Adverse muscle composition predicts all-cause mortality in the UK Biobank imaging study

Jennifer Linge, Mikael Petersson, Mikael F Forsgren, Arun J Sanyal, Olof Dahlqvist Leinhard, Jennifer Linge, Mikael Petersson, Mikael F Forsgren, Arun J Sanyal, Olof Dahlqvist Leinhard

Abstract

Background: Adverse muscle composition (MC) as measured by magnetic resonance imaging has previously been linked to poor function, comorbidity, and increased hospitalization. The aim of this study was to investigate if adverse MC predicts all-cause mortality using data from UK Biobank.

Methods: There were 40 178 participants scanned using a 6 min magnetic resonance imaging protocol. Images were analysed for thigh fat-tissue free muscle volume and muscle fat infiltration (MFI) using AMRA® Researcher (AMRA Medical, Linköping, Sweden). For each participant, a sex, weight, and height invariant muscle volume z-score was calculated. Participants were partitioned into four MC groups: (i) normal MC, (ii) only low muscle volume [<25th percentile for muscle volume z-score (population wide)], (iii) only high MFI [>75th percentile (population wide, sex-specific)], and (iv) adverse MC (low muscle volume z-score and high MFI). Association of MC groups with mortality was investigated using Cox proportional-hazard modelling with normal MC as referent (unadjusted and adjusted for low hand grip strength, sex, age, body mass index, previous diagnosis of disease (cancer, type 2 diabetes and coronary heart disease), lifestyle, and socioeconomic factors (smoking, alcohol consumption, physical activity, and Townsend deprivation index).

Results: Muscle composition measurements were complete for 39 804 participants [52% female, mean (SD) age 64.2 (7.6) years and body mass index 26.4 (4.4) kg/m2 ]. Three hundred twenty-eight deaths were recorded during a follow-up period of 2.9 (1.4) years after imaging. At imaging, adverse MC was detected in 10.5% of participants. The risk of death from any cause in adverse MC compared with normal MC was 3.71 (95% confidence interval 2.81-4.91, P < 0.001). Only low muscle volume and only high MFI were independently associated with all-cause mortality [1.58 (1.13-2.21), P = 0.007, and 2.02 (1.51-2.71), P < 0.001, respectively]. Adjustment of low hand grip strength [1.77 (1.28-2.44), P < 0.001] did not attenuate the associations with any of the MC groups. In the fully adjusted model, adverse MC and only high MFI remained significant (P < 0.001 and P = 0.020) while the association with only low muscle volume was attenuated to non-significance (P = 0.560). The predictive performance of adverse MC [1.96 (1.42-2.71), P < 0.001] was comparable with that of previous cancer diagnosis [1.93 (1.47-2.53), P < 0.001] and smoking [1.71 (1.02-2.84), P = 0.040]. Low hand grip strength was borderline non-significant [1.34 (0.96-1.88), P = 0.090].

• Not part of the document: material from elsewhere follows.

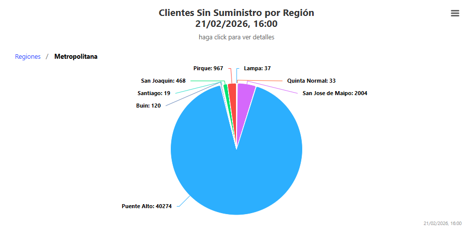 Durante la tarde de este sábado, la Superintendencia de Electricidad y Combustibles (SEC) informó que actualmente hay más de 44 mil clientes sin luz en la Región Metropolitana.

Conclusions: Adverse MC was a strong and independent predictor of all-cause mortality. Sarcopenia guidelines can be strengthened by including cut-offs for myosteatosis enabling detection of adverse MC.

Keywords: Frailty; Magnetic resonance imaging; Muscle fat infiltration; Myosteatosis; Sarcopenia.

Conflict of interest statement

All authors have completed the ICMJE uniform disclosure form online (www.icmje.org/coi_disclosure.pdf; available on request from the corresponding author). J. L., M. F. F., M. P., and O. D. L. reports other from Pfizer Inc., during the conduct of the study; other from AMRA Medical, outside the submitted work. In addition, J. L. and O. D. L. have a patent METHOD OF EVALUATING A MUSCLE RELATED CONDITION pending to PCT/EP2020/053068. A. J. S. reports grants from Intercept, during the conduct of the study; other from Sanyal Bio, Genfit, Indalo, Tiziana, Durect, Exhalenz, Galmed, second genome, Cymabay, Prosciento, Labcorp, Medimmune, Astra Zeneca, Albireo; grants from Merck, Bristol Myers, Boehringer Ingelhiem, Immuron, Malinkrodt, Cumberland, Sequana; grants and personal fees from Novartis, Gilead, Conatus, Echosens; personal fees from Pfizer, Lilly, Novo Nordisk, Sanofi, Tern, Hemoshear, Glympse, Birdrock, Blade, Teva, Artham, Salix, NASH pharmaceuticals, outside the submitted work.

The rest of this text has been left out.